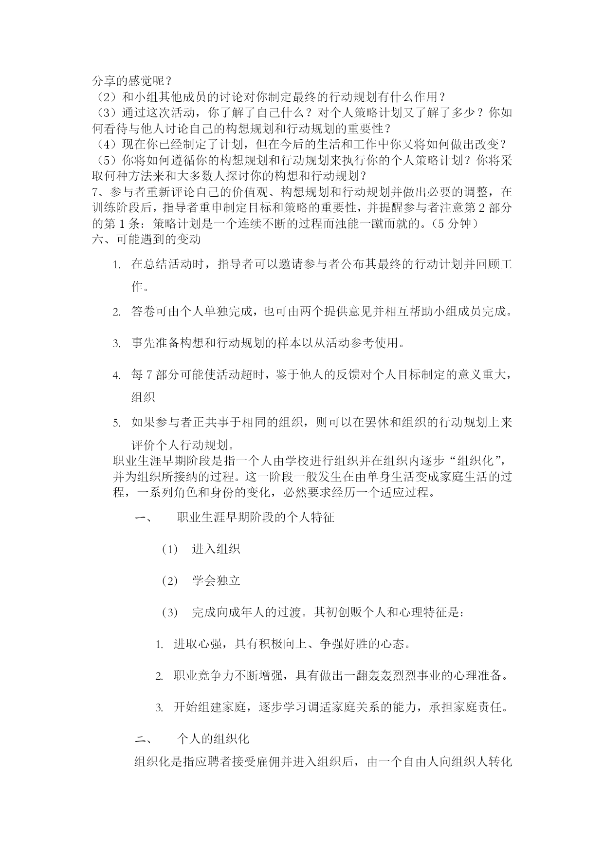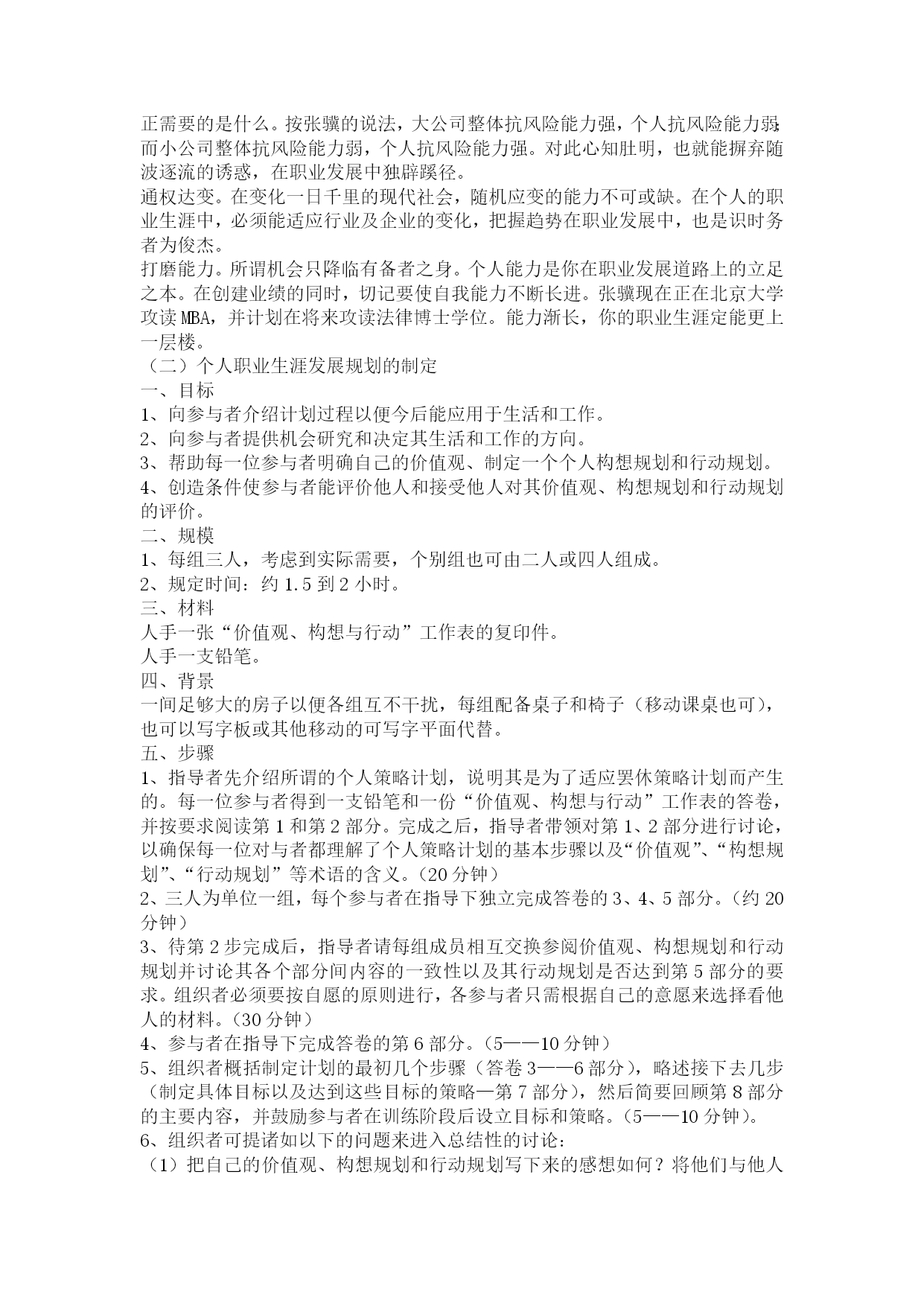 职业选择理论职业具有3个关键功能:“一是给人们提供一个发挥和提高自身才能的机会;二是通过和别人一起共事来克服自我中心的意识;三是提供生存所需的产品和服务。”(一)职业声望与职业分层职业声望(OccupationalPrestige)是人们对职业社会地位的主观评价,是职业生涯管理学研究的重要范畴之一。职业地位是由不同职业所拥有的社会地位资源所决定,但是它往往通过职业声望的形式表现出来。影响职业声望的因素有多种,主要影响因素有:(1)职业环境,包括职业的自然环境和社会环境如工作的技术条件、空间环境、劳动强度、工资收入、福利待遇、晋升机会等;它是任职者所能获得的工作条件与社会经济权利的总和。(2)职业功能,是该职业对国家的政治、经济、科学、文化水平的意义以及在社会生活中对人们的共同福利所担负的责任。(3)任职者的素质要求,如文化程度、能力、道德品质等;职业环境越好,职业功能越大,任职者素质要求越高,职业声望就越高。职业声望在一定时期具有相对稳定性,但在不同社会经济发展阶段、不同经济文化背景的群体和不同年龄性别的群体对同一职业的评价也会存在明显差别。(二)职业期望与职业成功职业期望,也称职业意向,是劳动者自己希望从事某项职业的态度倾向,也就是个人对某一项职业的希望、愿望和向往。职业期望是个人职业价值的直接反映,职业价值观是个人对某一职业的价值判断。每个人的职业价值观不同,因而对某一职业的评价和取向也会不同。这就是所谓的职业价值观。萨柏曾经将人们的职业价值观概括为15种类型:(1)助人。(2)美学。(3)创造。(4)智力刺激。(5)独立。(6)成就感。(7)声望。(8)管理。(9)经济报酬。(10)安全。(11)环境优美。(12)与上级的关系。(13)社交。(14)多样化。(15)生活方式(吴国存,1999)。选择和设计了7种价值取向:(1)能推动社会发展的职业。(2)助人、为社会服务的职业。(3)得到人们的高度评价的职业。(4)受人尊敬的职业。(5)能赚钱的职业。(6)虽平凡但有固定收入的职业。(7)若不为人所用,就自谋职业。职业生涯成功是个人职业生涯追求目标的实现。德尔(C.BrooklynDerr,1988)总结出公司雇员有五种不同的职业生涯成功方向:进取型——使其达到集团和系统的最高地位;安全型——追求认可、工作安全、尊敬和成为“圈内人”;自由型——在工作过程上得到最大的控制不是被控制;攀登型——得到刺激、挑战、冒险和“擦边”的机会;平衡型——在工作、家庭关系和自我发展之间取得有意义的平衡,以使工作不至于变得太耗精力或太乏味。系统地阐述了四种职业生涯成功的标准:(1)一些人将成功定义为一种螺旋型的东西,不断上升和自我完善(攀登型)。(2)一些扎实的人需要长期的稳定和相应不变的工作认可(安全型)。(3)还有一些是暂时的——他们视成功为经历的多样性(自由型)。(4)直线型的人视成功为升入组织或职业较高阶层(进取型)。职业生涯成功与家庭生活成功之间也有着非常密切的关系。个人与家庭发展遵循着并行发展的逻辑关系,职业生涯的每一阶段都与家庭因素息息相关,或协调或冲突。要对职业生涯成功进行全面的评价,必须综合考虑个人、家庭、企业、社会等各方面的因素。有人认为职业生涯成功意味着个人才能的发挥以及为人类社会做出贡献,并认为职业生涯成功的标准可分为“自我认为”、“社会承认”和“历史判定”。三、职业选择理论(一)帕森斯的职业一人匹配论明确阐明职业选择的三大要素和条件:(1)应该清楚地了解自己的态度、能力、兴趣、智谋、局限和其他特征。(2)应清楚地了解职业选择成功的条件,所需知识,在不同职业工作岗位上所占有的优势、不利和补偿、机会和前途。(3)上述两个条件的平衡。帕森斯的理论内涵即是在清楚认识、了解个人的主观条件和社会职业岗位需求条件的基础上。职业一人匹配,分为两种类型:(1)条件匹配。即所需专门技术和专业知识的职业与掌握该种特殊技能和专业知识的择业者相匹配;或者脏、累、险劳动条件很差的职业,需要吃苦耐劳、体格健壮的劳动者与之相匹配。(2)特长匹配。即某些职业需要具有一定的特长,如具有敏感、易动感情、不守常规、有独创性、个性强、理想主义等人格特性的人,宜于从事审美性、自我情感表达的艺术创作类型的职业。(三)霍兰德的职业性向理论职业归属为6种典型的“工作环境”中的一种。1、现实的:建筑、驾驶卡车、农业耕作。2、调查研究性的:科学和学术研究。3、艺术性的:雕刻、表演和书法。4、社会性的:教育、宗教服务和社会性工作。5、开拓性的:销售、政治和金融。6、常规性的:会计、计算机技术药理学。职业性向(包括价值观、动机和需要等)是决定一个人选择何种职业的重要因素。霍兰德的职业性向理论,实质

====================

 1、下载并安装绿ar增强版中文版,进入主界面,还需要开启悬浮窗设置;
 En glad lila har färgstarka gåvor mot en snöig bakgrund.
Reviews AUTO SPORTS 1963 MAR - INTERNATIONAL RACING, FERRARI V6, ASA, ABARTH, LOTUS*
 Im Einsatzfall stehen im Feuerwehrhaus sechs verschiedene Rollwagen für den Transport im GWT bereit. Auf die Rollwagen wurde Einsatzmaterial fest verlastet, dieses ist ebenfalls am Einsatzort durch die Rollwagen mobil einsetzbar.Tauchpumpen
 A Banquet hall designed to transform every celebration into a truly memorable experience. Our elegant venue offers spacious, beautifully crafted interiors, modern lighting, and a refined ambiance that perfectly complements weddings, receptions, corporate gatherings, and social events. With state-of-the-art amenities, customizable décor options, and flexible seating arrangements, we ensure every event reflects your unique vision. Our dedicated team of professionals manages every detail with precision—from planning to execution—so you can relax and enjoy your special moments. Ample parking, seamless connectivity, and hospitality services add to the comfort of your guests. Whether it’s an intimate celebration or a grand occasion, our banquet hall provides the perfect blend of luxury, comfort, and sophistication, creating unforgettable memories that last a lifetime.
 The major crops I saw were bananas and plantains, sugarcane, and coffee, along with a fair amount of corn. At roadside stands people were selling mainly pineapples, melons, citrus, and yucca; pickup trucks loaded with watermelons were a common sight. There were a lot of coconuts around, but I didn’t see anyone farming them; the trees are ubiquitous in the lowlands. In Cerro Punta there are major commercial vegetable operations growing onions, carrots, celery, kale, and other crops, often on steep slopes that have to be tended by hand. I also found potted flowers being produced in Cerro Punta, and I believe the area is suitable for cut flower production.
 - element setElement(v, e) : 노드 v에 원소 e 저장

====================

All that is needed is the exact run of lines above from the line containing "1、下载并安装绿ar增强版中文版,进入主界面,还需要开启悬浮窗设置;" through the line containing "Im Einsatzfall stehen", both of them included.

*RESULT OF THIS EXERCISE:*
 1、下载并安装绿ar增强版中文版,进入主界面,还需要开启悬浮窗设置;
 En glad lila har färgstarka gåvor mot en snöig bakgrund.
Reviews AUTO SPORTS 1963 MAR - INTERNATIONAL RACING, FERRARI V6, ASA, ABARTH, LOTUS*
 Im Einsatzfall stehen im Feuerwehrhaus sechs verschiedene Rollwagen für den Transport im GWT bereit. Auf die Rollwagen wurde Einsatzmaterial fest verlastet, dieses ist ebenfalls am Einsatzort durch die Rollwagen mobil einsetzbar.Tauchpumpen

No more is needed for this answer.